■ Given records ■
┄┄┄┄┄┄

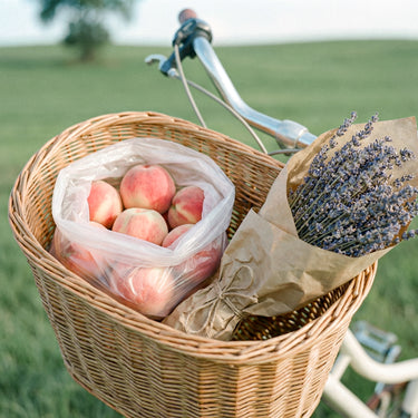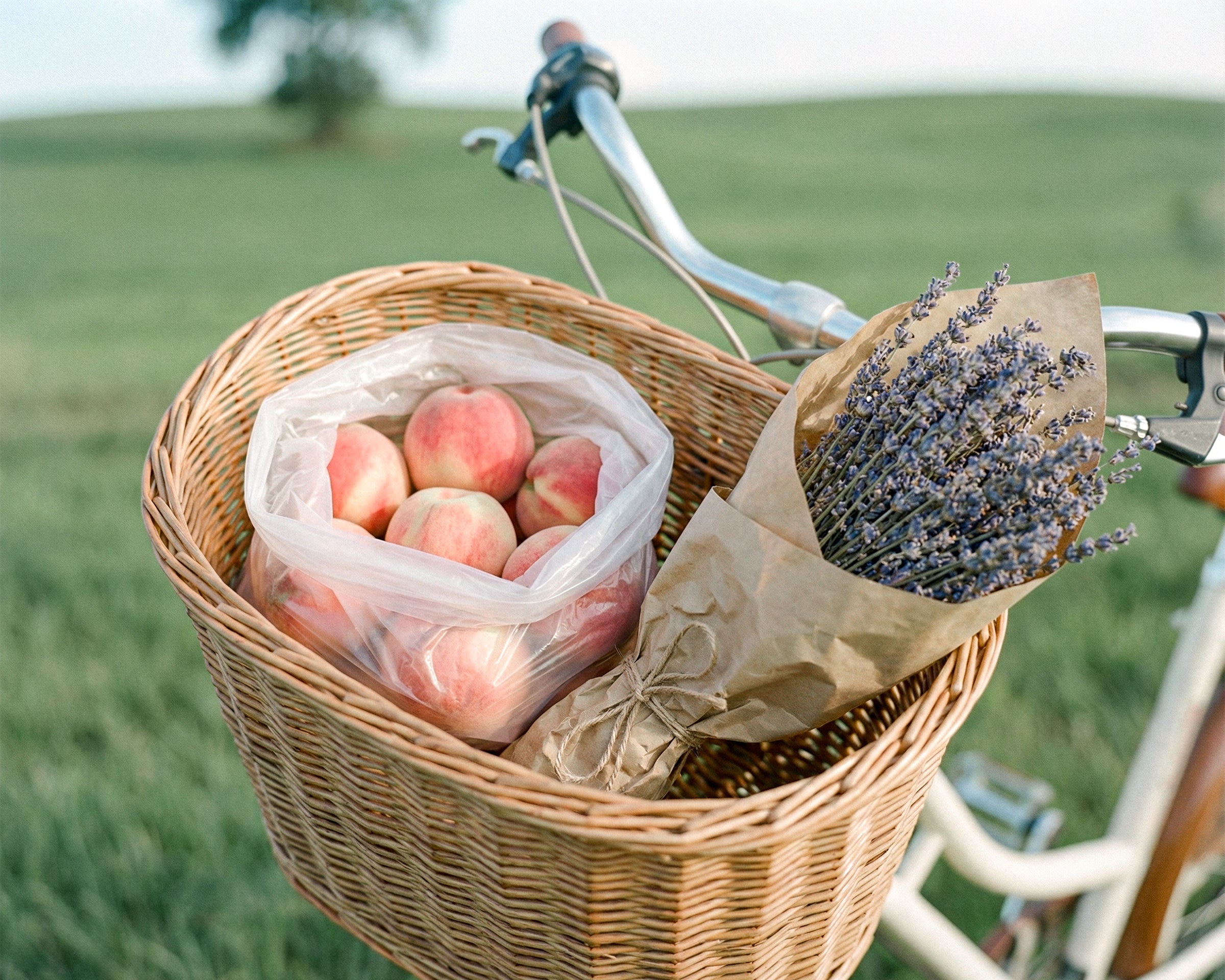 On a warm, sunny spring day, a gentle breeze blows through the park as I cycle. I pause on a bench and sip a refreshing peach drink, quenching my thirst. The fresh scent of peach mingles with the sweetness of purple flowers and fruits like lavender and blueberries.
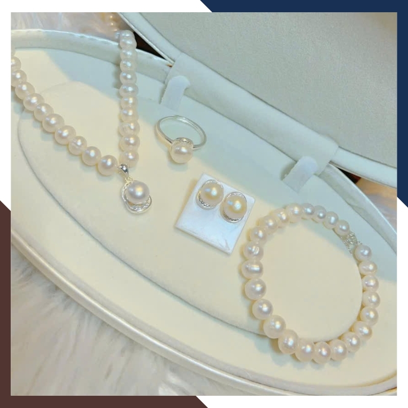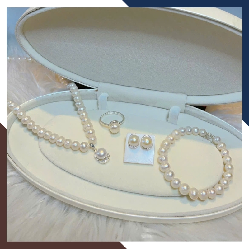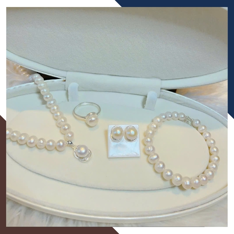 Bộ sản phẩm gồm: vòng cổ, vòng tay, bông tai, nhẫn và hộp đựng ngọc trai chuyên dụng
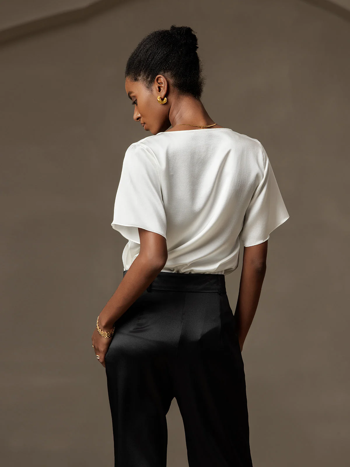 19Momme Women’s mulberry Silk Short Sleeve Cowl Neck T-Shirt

┄┄┄┄┄┄

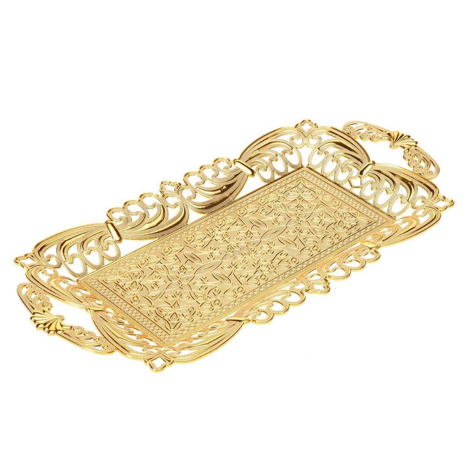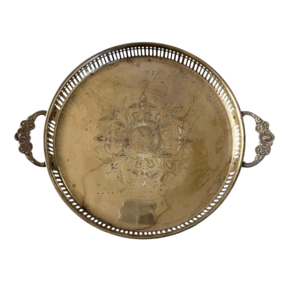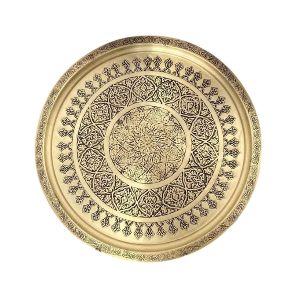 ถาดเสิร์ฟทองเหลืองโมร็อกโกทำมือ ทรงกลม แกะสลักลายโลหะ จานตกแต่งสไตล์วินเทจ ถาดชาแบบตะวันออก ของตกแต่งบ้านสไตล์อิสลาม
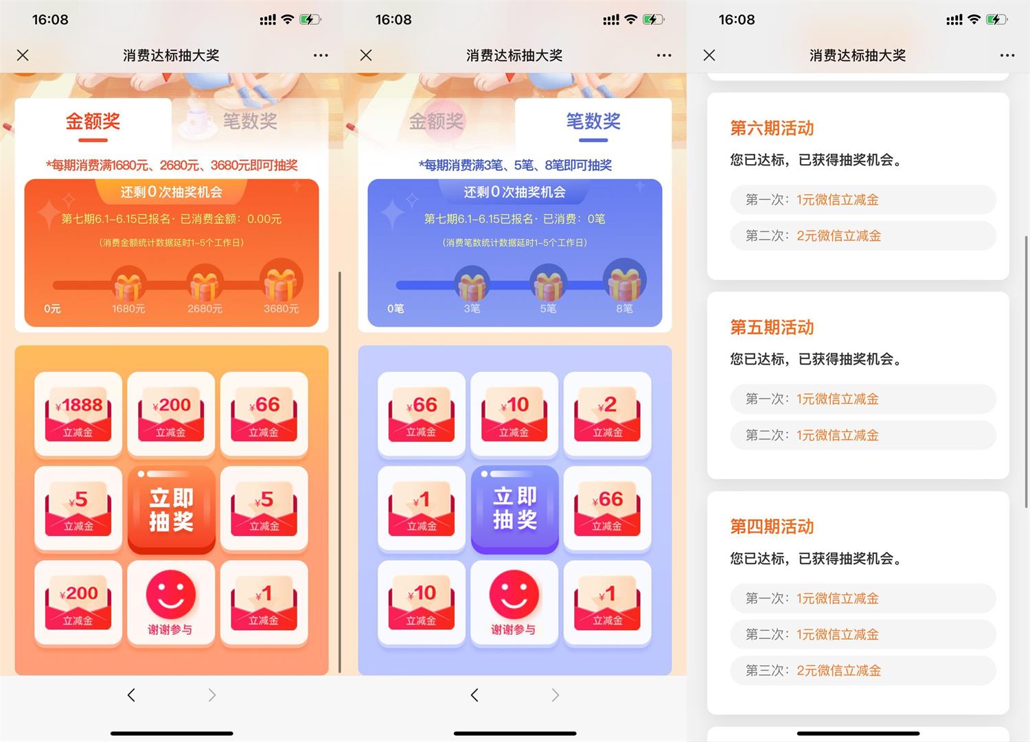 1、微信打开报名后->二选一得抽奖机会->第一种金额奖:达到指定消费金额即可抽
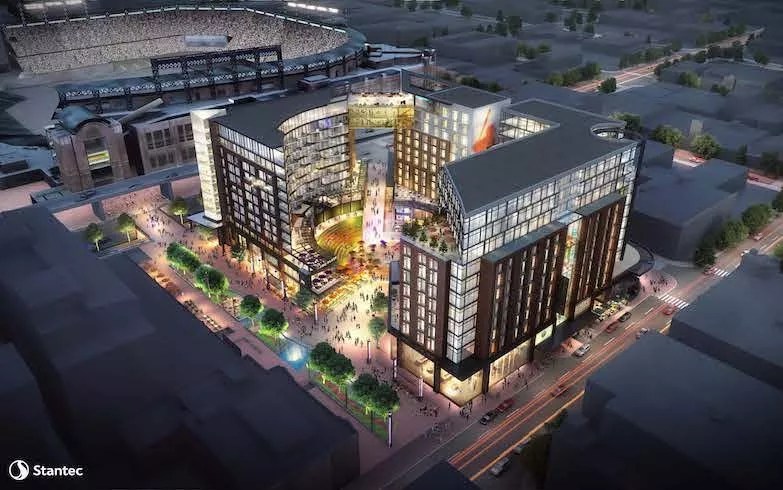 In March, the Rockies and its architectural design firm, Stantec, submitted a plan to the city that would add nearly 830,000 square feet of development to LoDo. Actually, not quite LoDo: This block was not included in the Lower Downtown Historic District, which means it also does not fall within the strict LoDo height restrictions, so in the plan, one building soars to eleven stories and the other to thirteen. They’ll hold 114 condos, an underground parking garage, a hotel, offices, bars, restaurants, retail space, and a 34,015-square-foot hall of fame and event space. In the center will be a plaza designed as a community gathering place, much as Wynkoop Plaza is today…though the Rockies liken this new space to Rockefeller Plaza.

┄┄┄┄┄┄

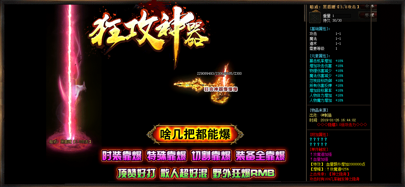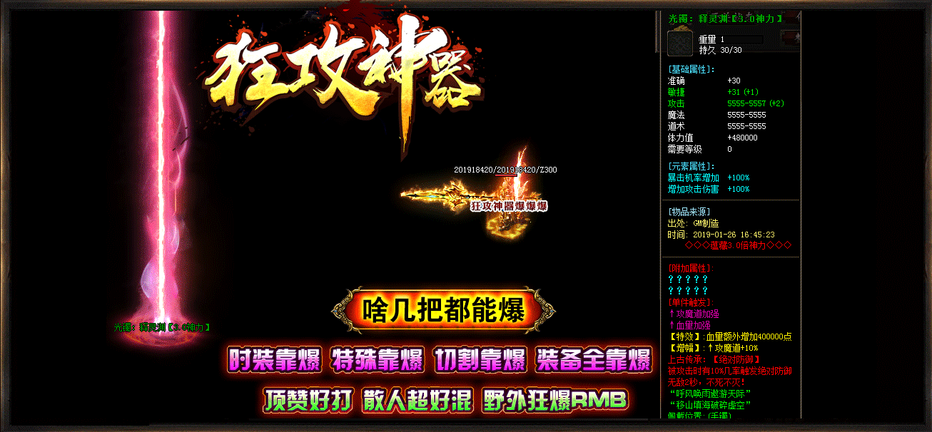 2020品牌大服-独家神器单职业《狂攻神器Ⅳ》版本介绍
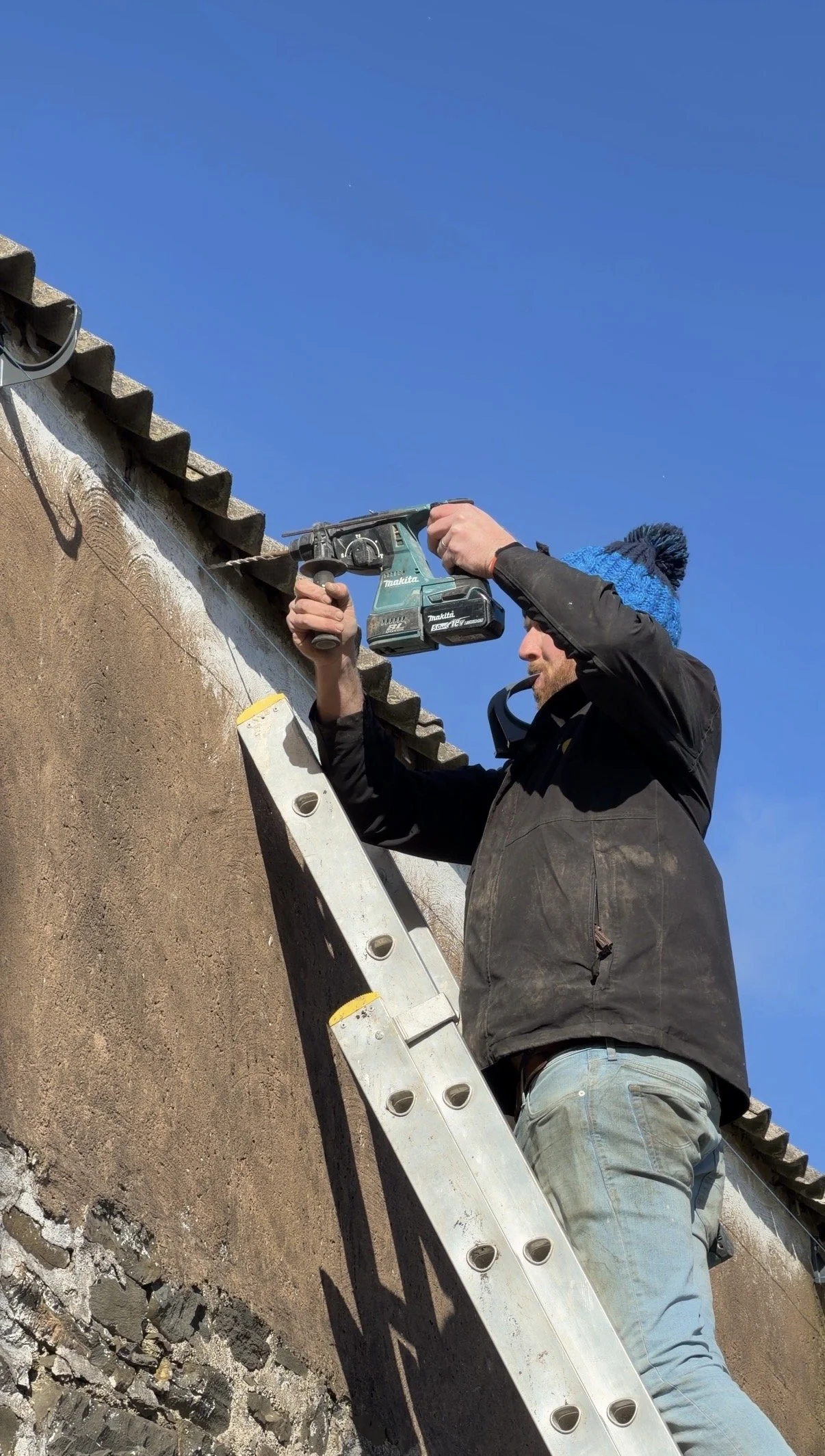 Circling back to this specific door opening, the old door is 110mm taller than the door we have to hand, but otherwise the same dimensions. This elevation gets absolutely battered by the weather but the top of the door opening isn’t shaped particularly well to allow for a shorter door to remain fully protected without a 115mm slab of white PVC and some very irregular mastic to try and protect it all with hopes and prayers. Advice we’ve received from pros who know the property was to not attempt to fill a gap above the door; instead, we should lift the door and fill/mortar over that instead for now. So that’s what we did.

┄┄┄┄┄┄

■ Problem description ■
Reproduce, exactly and only, the lines of the records above starting at the line with "Bộ sản phẩm" and ending at the line with "19Momme Women’s mulberry", both included. Leave every picture out.

■ Written reply ■
 Bộ sản phẩm gồm: vòng cổ, vòng tay, bông tai, nhẫn và hộp đựng ngọc trai chuyên dụng
 19Momme Women’s mulberry Silk Short Sleeve Cowl Neck T-Shirt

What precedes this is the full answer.